Catholic radio station in Mesa, Arizona

KIHP (1310 AM) is a noncommercial radio station licensed to Mesa, Arizona, United States, and serving the Phoenix metropolitan area. It is owned and operated by Relevant Radio, carrying their Catholic radio programming. KIHP is also heard over FM translator K275CP at 102.9 MHz in Phoenix.

==History==
The station signed on the air in 1946 as KTYL, broadcasting on 1490 kHz and owned by Harkins Theatres. It was the second station in Mesa, Arizona, signing on three days after KARV (1400 AM). Both stations ran 250 watts full-time with non-directional antennas — the maximum power allowed for Class IV (now Class C) stations at the time. Two years later, KTYL bought and shut down KARV. Its frequency was reactivated in Phoenix in 1950 as KONI.
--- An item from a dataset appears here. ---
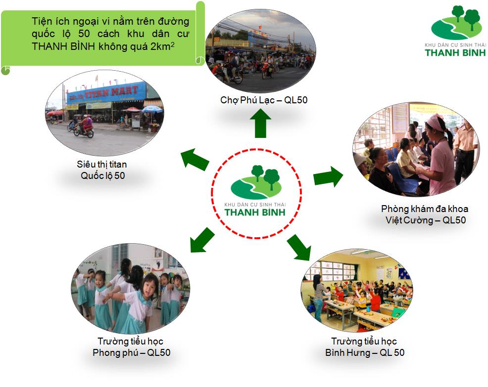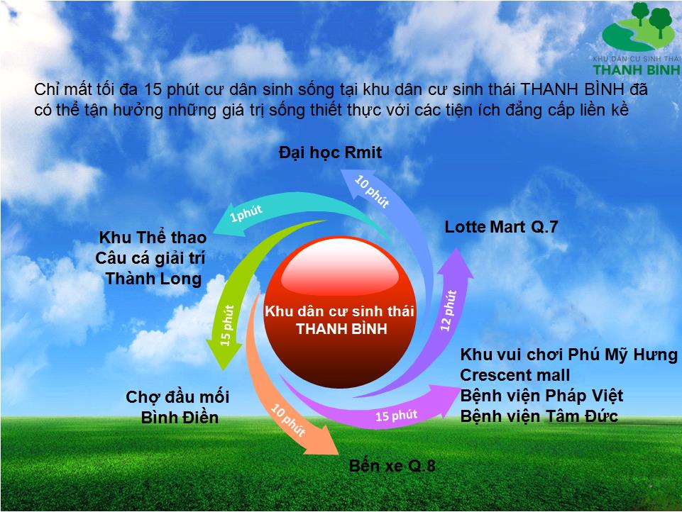 Chỉ mất tối đa 15 phút, cư dân sinh sống tại khu dân cư sinh thái Thanh Bình đã có thể tận hưởng những giá trị sống thiết thực với các tiện ích đẳng cấp liền kề: Đại học Rmit, Lotte Mart Quận 7, Chợ đầu mối Bình Điền, Bệnh viện Pháp Việt, Tâm Đức, Bến xe quận 8,...

Harkins also put Arizona's first FM station–KTYL-FM 104.7–on the air in 1950. Three years later, Harkins put Phoenix's second TV station–KTYL-TV channel 12, the eventual KPNX–on the air. As with the AM station, both stations were originally located in, and are still licensed to, Mesa.

KTYL moved to 1310 in the early 1950s, and eventually increased its power to 5,000 watts day and 500 watts night. In 1958, it became KBUZ, a beautiful music station. It used the slogan "Drive with care, and KBUZ, everywhere." It moved to the Thomas Shopping Mall on the east side of Phoenix. The format was simulcast on KBUZ-FM 104.7. KBUZ-AM-FM played quarter hour sweeps of soft, instrumental music, including Broadway and Hollywood show tunes.

On January 1, 1977, the station became KQXE, with a personality-oriented oldies format. For three years it was successful, going up against market leader KOY (550 AM). Management assembled a group of talented disc jockeys from the Phoenix radio region and other cities, including Phil Barry from Detroit and Phil Gardner from Cleveland.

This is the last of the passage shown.